Important Estate Auction,
of the effects of the late Mrs. Marjorie May Kingston
Under favoured instructions from the Executor of the Estate:
Mr. Peter J. Walsh, Solicitor.
To be conducted on the property.
13 Tivoli Place, South Yarra
Sunday 6th September 2009, commencing 12 noon.
On View in situation:
Saturday 29th August 1:00 pm to 5:00 pm
Sunday 30th August 1:00 pm to 5:00 pm
Wednesday 2nd September (Evening) 5:00 pm to 8:00 pm
Friday 4th September 1:00 pm to 5:00 pm
Saturday 5th September 10:00 am to 5:00 pm
Additional Viewing
Viewing is also available Monday 31st August – Friday 4th September by appointment. Please contact:
Contacts John Ainger (03)94282850, Geoff Fiske 0409367247 or Nick Denby 0400338344

Lot 286:
Ethel Carrick Fox. 1872-1952. Australia, Britain, France. Buying Flowers Signed 'Carrick Fox' lower left. Oil on canvas. 59 x 80 cm. Notes: Labels Verso read "Lucien Lefebvre-Foinet/19 Rue Vavin et rue Brea, Paris VI/Couleurs at Toiles Fines." "Buying Flowers - Carrick-Fox." Painted circa 1920's. Provenance: Purchased Joseph Brown Gallery, Autumn Exhibition 1973, Item Number 23. Original catalogue exhibited.
A major collection of Australian Colonial, Impressionist and Modernist Paintings and Pottery.
Artists include among others, Rupert Bunny, Frederick McCubbin, John Perceval, Ethel Carrick Fox, Emanuel Phillips Fox, Elioth Gruner, Walter Withers, John Glover, Abram-Louis Buvelot, John Peter Russell, Robert Johnson, Danila Vassillieff, William Gould, William Dobell, and important pottery by Klytie Pate.
The important collection was primarily purchased from Joseph Brown Gallery in the 1970s.
We will also be auctioning Mrs. Kingston’s impressive antique furnishings, collected over five decades from Melbourne and London’s finest Antique dealers, including pieces from John W. Kenny, John D. Dunn and Kent Antiques.
Everything is being sold in situation, and is the sole property of the late Marjorie Kingston.
The daughter of Henry and Anne Tatnall, Marjorie May Kingston was born at their residence 23 Rubens Grove, Canterbury on 6th May 1918 and educated at Presbyterian Ladies College, East Melbourne, matriculating in 1936. Thereafter she became involved with the firm of Brooks Robinson, 59 Elizabeth Street, Melbourne, of which her father was Managing Director (1923-1957), and which was not only a major retailer of white goods, but also the pre-eminent manufacturer of stained glass in Australia.

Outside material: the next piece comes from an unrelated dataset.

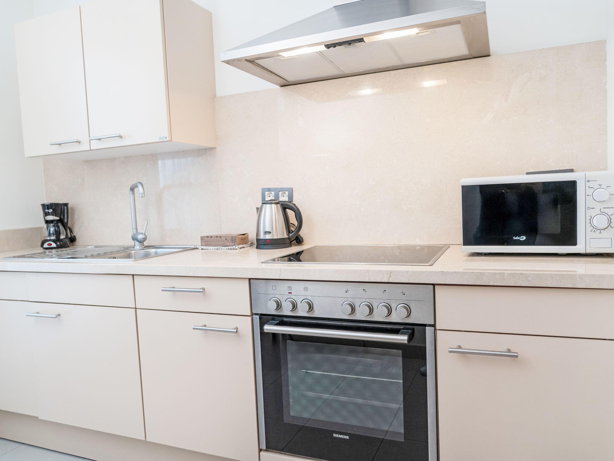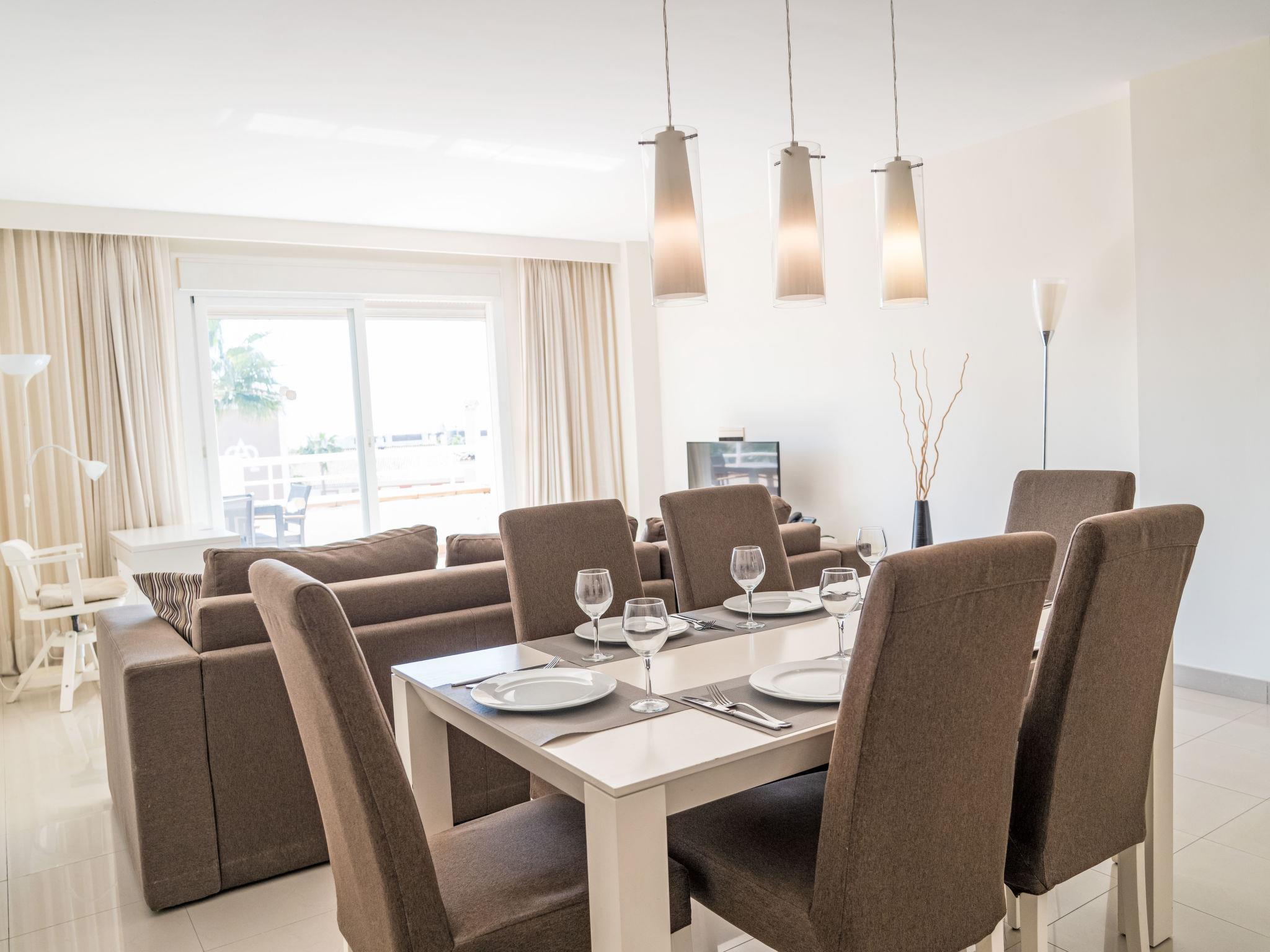 "Cortijo sunset", 3-room apartment 106 m2, south facing position. Bright, very comfortable and beautiful furnishings: living/dining room with digital TV, air conditioning and forced-air heating. Exit to the terrace. 1 room with 1 french bed (180 cm, length 200 cm), bath/WC and double hand-basin (private) air conditioning and electric shutters. Exit to the terrace. 1 room with 2 beds (105 cm, length 200 cm), air conditioning and forced-air heating. Kitchen (oven, dishwasher, 4 ceramic glass hob hotplates, toaster, kettle, microwave, freezer, electric coffee machine). Shower/WC. Terrace. Terrace furniture. View of the sea, the swimming pool and the garden. Facilities: washing machine, iron, children's high chair, baby cot, hair dryer. Internet (WiFi, free). Garage. VUT/MA/90593 // Reg. Nr.: ESFCTU0000290370004869420000000000000000VUT/MA/905935

From 1939 Marjorie regularly accompanied her father on his bi-annual visits to London where her free time was spent at the major Galleries and in the antique shops of Kensington Church Street and Chelsea, which nurtured what was to become her life long passion.
Marjorie’s father was elected to the Melbourne City Council, in 1944, as the representative for Hoddle Ward and for the ensuing fourteen years he served on the Council, she constantly assisted him and acted as his hostess. In 1972 she married Dr. Ronald Kingston, a distinguished Psychiatrist, who died in 2004.
Tivoli Place, South Yarra, which Marjorie herself purchased in 1968, had originally been the home of the renowned architect Harold Desbrowe-Annear. In 1926 he changed a simple Victorian cottage to his own taste by a number of alterations, including the building of a large salon with his inimitable windows, which to this day remain a dramatic feature of this unique house.
Marjorie’s house became the repository for her ever increasing eclectic collection of art, which ranges from the early Colonial artists such as Glover and the early Tasmanian portraits of her paternal ancestors, through to the impressionists and social realists, to the botanical artists of the late 20th century. Importantly she was a close friend and admirer of Dr. Joseph Brown AO OBE, whose advice influenced and guided her in her selection of paintings. Most of which she purchased at his seasonal Exhibitions. She consistently retained all receipts and catalogues pertaining to these purchases, as indeed was the case with her purchase of furniture, porcelain and silver.
Not withstanding her passion for art, Marjorie also amassed significant collections of antique furniture, porcelain and silver. In this respect her life long friendship with the noted Melbourne collector, the late John W Kenny, assisted her to make insightful decisions as to both quality and design in her acquisition of countless objects d’art.
We cordially invite you to view and participate in this outstanding and historically noteworthy auction.